This thesis consists of a summary and four papers. The first two concerns health care and sickness absence, and the last two pharmaceutical costs and prices. Paper [I] presents an economic federation model which resembles the situation in, for example, Sweden. In the model the state governments provide health care, the federal government provides a sickness benefit and both levels tax labor income. The results show that the states can have either an incentive to under- or over-provide health care. The federal government can, by introducing an intergovernmental transfer, induce the state governments to provide the socially optimal amount of health care. In Paper [II] the effect of aggregated public health care expenditure on absence from work due to sickness or disability was estimated. The analysis was based on data from a panel of the Swedish municipalities for the period 1993-2004. Public health care expenditure was found to have no statistically significant effect on absence and the standard errors were small enough to rule out all but a minimal effect.
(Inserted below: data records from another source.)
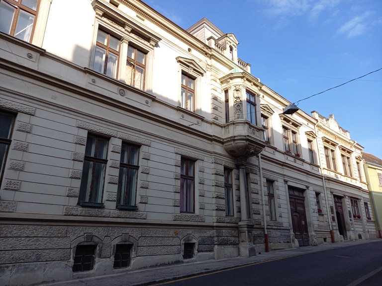 Ieșind din piață am trecut pe lângă o clădire în stil eclectic combinat cu secession, azi numită Palatul de Asigurări, construită la începutul sec. XX pentru filiala Primei Societăți Generale de Asigurări din Ungaria (Első Magyar Általános Biztosító Társaság), înființată în Nagykanizsa în 1857.
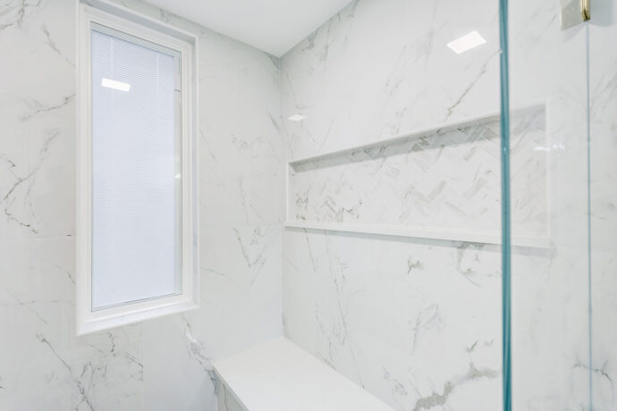 The space features premium marble tile throughout, bringing timeless character and a clean, upscale finish to both the walls and flooring. A large custom shower niche and integrated bench provide both functionality and visual balance, creating a spa-like bathroom experience in Birmingham MI. The new vanity is carefully designed and installed to complement the overall aesthetic while maximizing storage and usability.
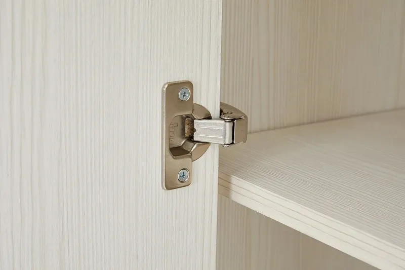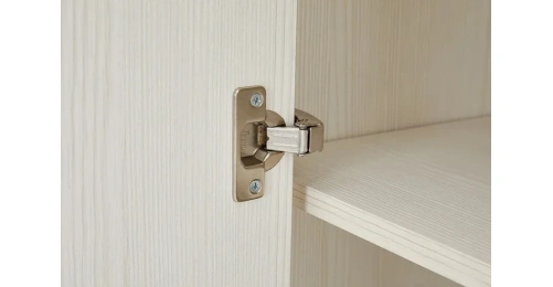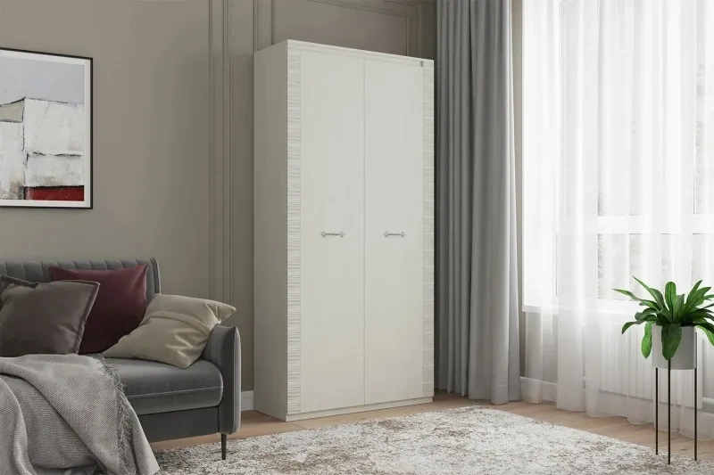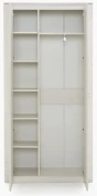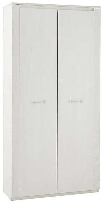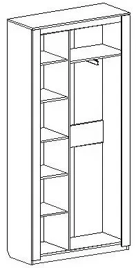 Двухдверный шкаф "Элана" с распашными дверцами имеет два отделения: отделение для белья с четырьмя съёмными и центральной стационарной полкой; платяное отделение со стационарной полкой и выдвижной стальной штангой.

The result held when separate estimations were conducted for women and men, and for absence due to sickness and disability. The purpose of Paper [III] was to study the effects of the introduction of fixed pharmaceutical budgets for two health centers in Västerbotten, Sweden. Estimation results using propensity score matching methods show that there are no systematic differences for either price or quantity per prescription between health centers using fixed and open-ended budgets. The analysis was based on individual prescription data from the two health centers and a control group both before and after the introduction of fixed budgets. In Paper [IV] the introduction of the Swedish substitution reform in October 2002 was used as a natural experiment to examine the effects of increased consumer information on pharmaceutical prices. Using monthly data on individual pharmaceutical prices, the average reduction of prices due to the reform was estimated to four percent for both brand name and generic pharmaceuticals during the first four years after the reform. The results also show that the price adjustment was not instant.

Suggested Citation

  • Granlund, David, 2007. "Economic Policy in Health Care: Sickness Absence and Pharmaceutical Cost," Umeå Economic Studies 710, Umeå University, Department of Economics.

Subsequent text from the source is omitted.